『big love!』
かつてマザー・テレサは言った。
「私たちはこの世で大きいことはできません。小さなことを大きな愛をもって行うだけです」
うん、普通の生活をしていて世界に影響を与えることなんて、そうそうないよなぁ。
けど、その小さな毎日の積み重ねが、社会や歴史を作ってもいる。
つい偉人や有名人に目を向けてしまいがちだけど、社会に変革が起きる時、そこへ至る流れを作っているのは名もなき人々なのだ。
政治への不満、世の中への不安。
そういったものが大きなうねりとなって、あとほんの一滴、誰かが何かを垂らせば爆ぜるところまでいく。
そう考えると、平凡だとか何もない毎日だとか言ってられるうちは幸せで、大きな愛に包まれている、と言えるのかもしれない。
『星明かり』
自分の人生が、味気ないものだと感じるようになったのは、いつからだろう。
例えば、こんなふうに仕事帰りの電車の中で。
今日もいいことなかったなぁ、とか。
なんでいつも面倒な仕事が回ってくるんだろう、とか。
そんなことばかりツラツラと、悩むでもなくポツリポツリと頭に浮かんで。
ぼんやり窓の外を眺めた時に、車内の電灯の強さに負けている、見えるか見えないかくらいの存在感の薄い星の光を目にすると――自分もあんな感じなのかと。
ただ、それで終わっていたら本当にダメになってしまいそうで。
小さな最寄り駅の、灯りの少ないロータリーでもう一度空を見上げることにしている。
すると、さっきまであんなに薄かったのが嘘のように、くっきりと浮かび上がる星明かりに、ちょっとほっとするのだ。
『風景』
タロットのフール、愚者のカードが昔から気になっていた。
ひとりの青年が、太陽の下、左手に花、右手に包みをくくりつけた棒、足元には一匹の犬と共に、空を見上げている。ルルルと鼻唄まで聞こえてきそうだ。
――あと一歩でも踏み出せば、崖から転落するという状況なのに。
目の前に迫る危険に気づかないことが愚かなのか、それとも気づいていて踏み出そうとしていることが愚かなのか。

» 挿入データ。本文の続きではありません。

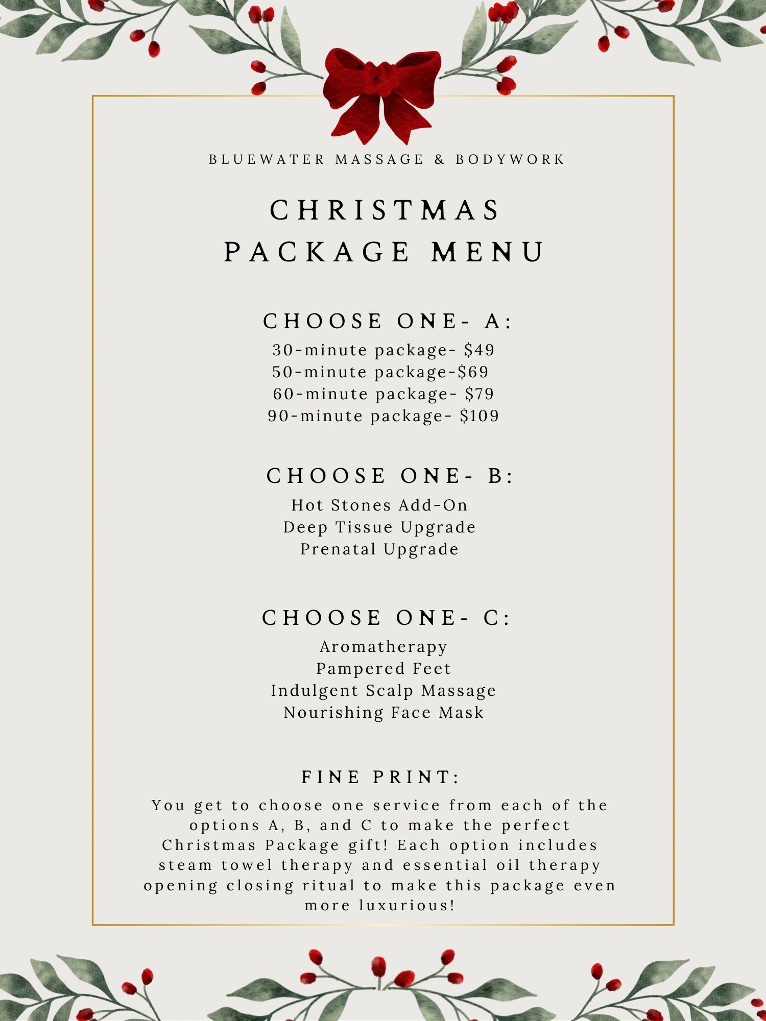 om now until December 25 you can purchase as many package gift certificates as you'd like! You may also book these services for yourself to enjoy!
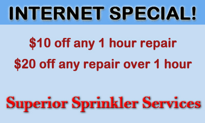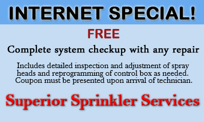At Superior Sprinkler Services, it is our promise to remain competitive, yet affordably priced. We firmly believe that beautiful healthy lawns should not cost you a fortune. In doing so, we are providing you with a variety of money-saving coupons so that can enjoy your lawn and landscaping without costing you an arm and a leg. Please be aware that though we encourage you to take advantage of our coupons, we also ask that no two offers be combined and that these promotions cannot be combined with any other offer.
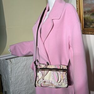 Never used, cute LeSPORTSAC Everyday crossbody bag in lovely brown, pink, tan and white tones featuring a classic Paisley print with hearts. Brown canvas adjustable strap, two exterior zippered pockets, main zippered compartment. Interior is in perfect condition, this cute bag is light and packable so perfect to take on trips.
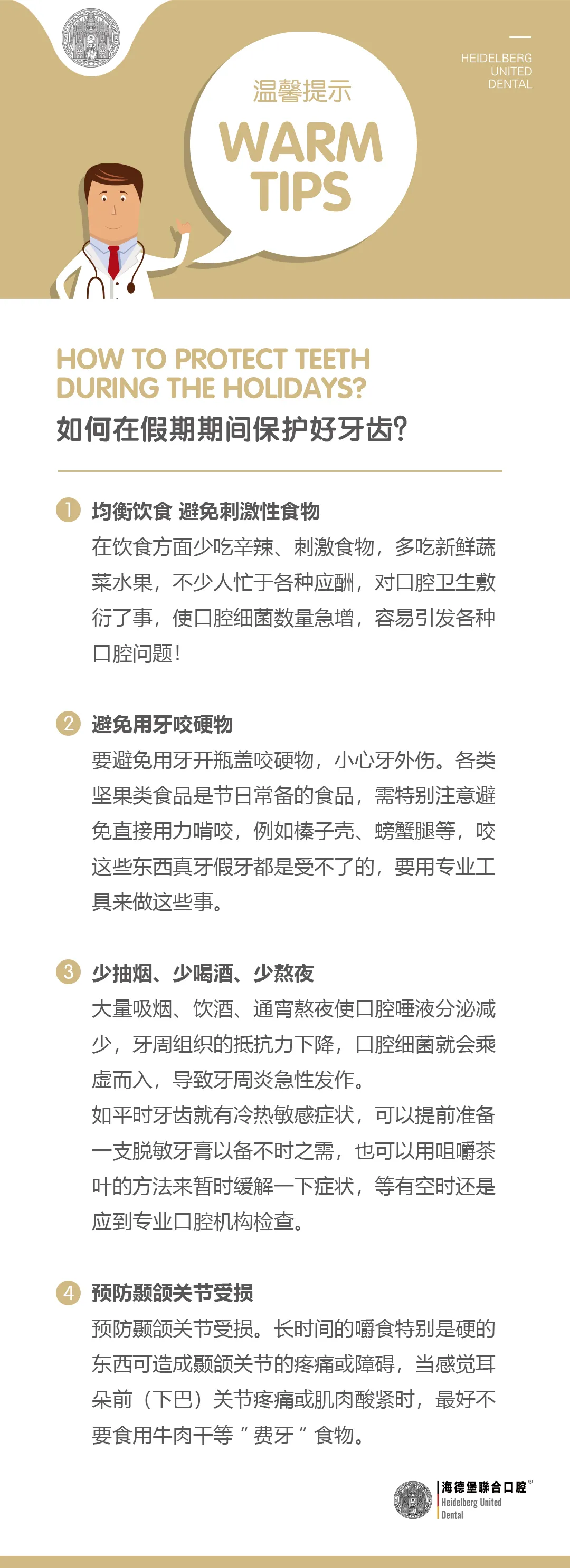 海德堡联合口腔在此提醒您避免由于过度饮食诱发急性口腔疾病,让自信笑容陪伴您度过欢乐假期,十一期间护牙真的很有必要。

どちらにしても、彼はどこか幸せそうに見えるのだ。恍惚の表情と言ってもいい。
うららかな陽光は、気持ち良かろう。
切り立った崖は、さぞかし見晴らしが良かろう。
彼の眼前に広がる風景は、いったいどんなものなのだろう。
それを見てみたいと思う自分も、愚かなのだろうか。
『夢へ!』
新人が入った。
人の異動がほとんどない職場なので、大変珍しいことだ。
憧れてなる職業でもないし、どういう経緯でやってきたのかは聞かないつもりでいたのだが。

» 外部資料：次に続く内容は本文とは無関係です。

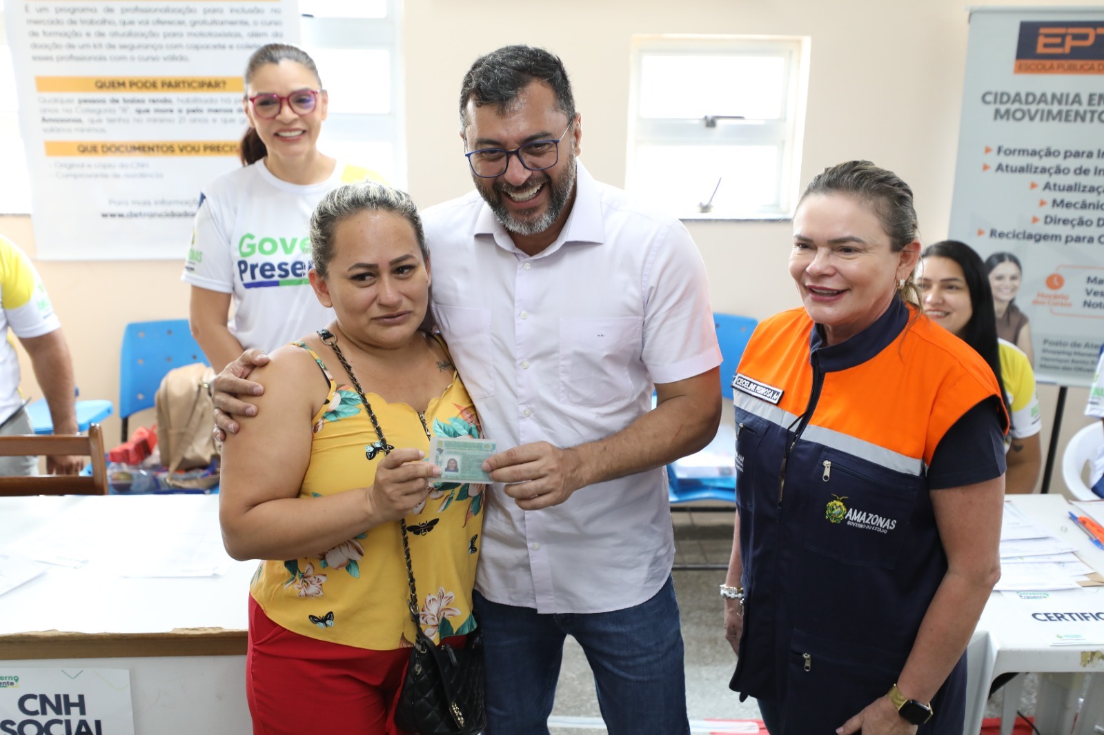 Um dos serviços disponíveis no Governo Presente é do Departamento Estadual de Trânsito do Amazonas (Detran-AM). O autônomo Elderson Vasconcelos, 42, aproveitou a oportunidade para retirar a Carteira Nacional de Habilitação (CNH) pelo projeto “CNH Social”."Graças a Deus o Governo ajudou bastante a gente. Essa (carteira) que eu peguei é a categoria A, mas estou tentando conseguir a B, e tenho certeza que vai dar tudo certo”, afirmou Elderson.
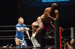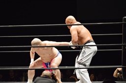 ロックアップ、新崎ヘッドロック、男色ロープに振る、新崎ショルダーブロック(右写真)。
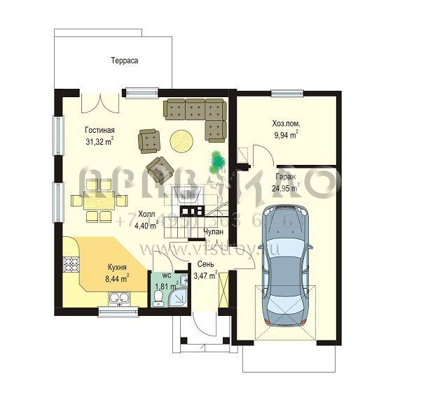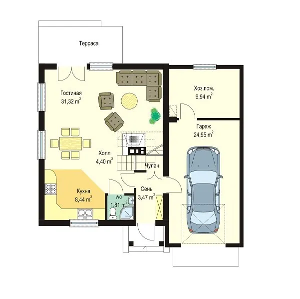 Проект экономичного коттеджа с гаражом S8-145 (Д03 с гаражом)

「ずっとこの仕事に憧れてました!夢が叶ってうれしいです!」
驚いたことに、新人は喜色満面の笑みを浮かべて仕事道具を振り回している。
こらこら、やめなさい。危ないから。
それと、まずは刃を研ぐところからだから。
綺麗にスパッと刈り取れるように。
現世の未練を断ち切ってやれるように。
「かっけぇ〜」とか言って決めポーズをとるのは、それ、後で君の黒歴史になるからね。
実際のところ、そんな悠長な時間はないのだ。
この地球上で、日々どれほどの死者を迎えに行かねばならないことか。
1日のノルマを聞いたら腰を抜かすだろうなと思いながら、手にした大鎌を見つめた。
『桜』
桜は人の心を狂わせる。
いや、正確に言うなら、日本人の心をざわつかせ惑わせる、か。
なぜ私たちはこんなにも桜の開花に一喜一憂し、はらはらと散る様子を惜しみ愛するのだろう。

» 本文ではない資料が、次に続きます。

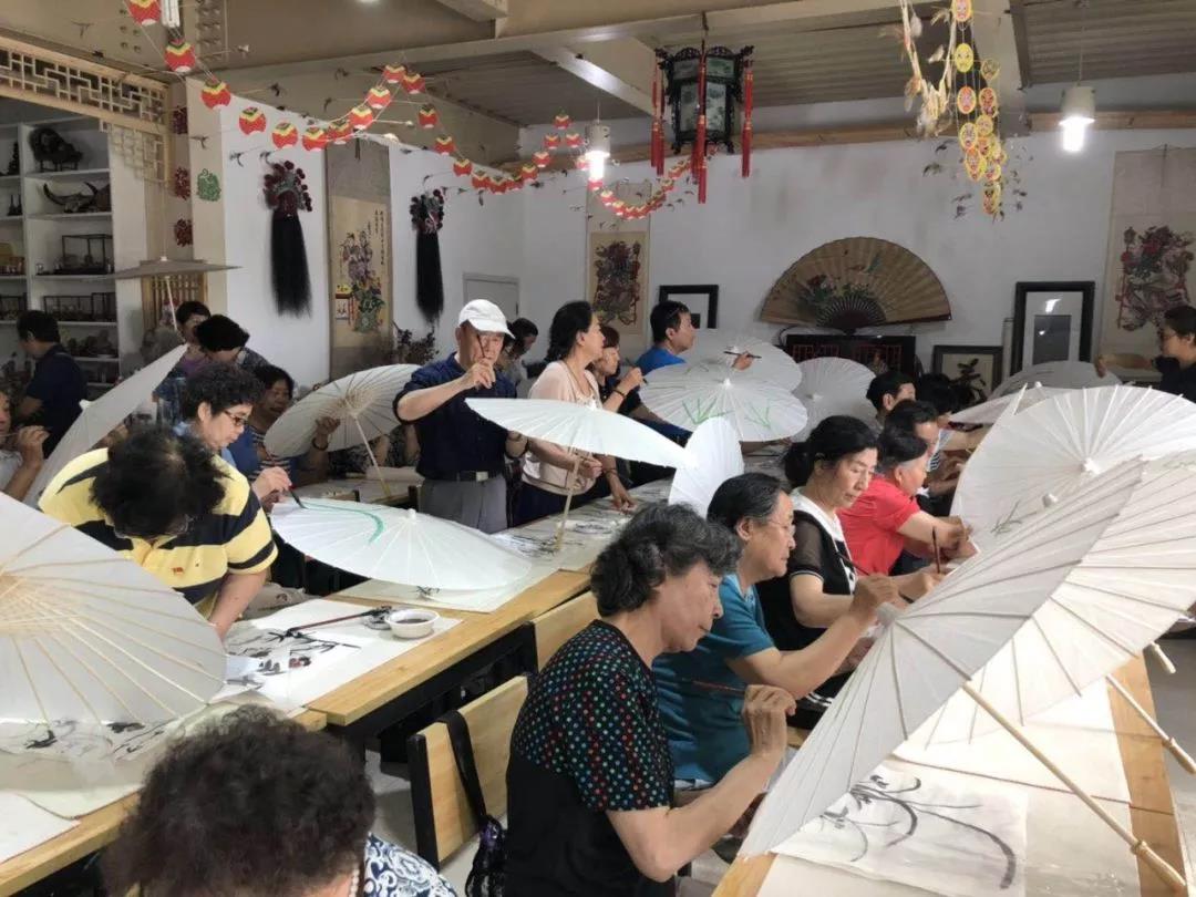 体验馆坐落在高碑店古家具一条街,古香古色韵味十足。走进馆内年画、剪纸、娟人、雕塑等各种民间艺术品琳琅满目,大家不仅参观了精美的作品,还动手体验制作油纸伞。据馆长介绍,油纸伞的制作需要很强的工艺技巧,并非短时间可以掌握,所以本次主要让大家体验一下画伞面的艺术。

狂信にも似たそれは、もはや愛でるというレベルをとうに超えている。
桜の下に屍や鬼の姿を幻視し、そこに張り詰めた虚空を見る。
望月の晩に満開の桜の下で息絶えたいと願った歌人の気持ちがわかってしまう私は、そういった彼らと同類なのだろう。
一輪の桜は可憐でやさしげな花なのに、桜の木を見上げると清々しさと妖しさを感じる。
特別な色をしているわけでもなく、
特別な形をしているわけでもない。
けれど――
ただの花であるはずがない。
ただの花でいさせてはいけない。
そんな気がして、桜に何かを添えたくなるのだ。
例えば、あの淡い薄紅色の花びらに、深紅の血痕がついていたら――とか。
嗚呼、しづ心なく花の散るらむ。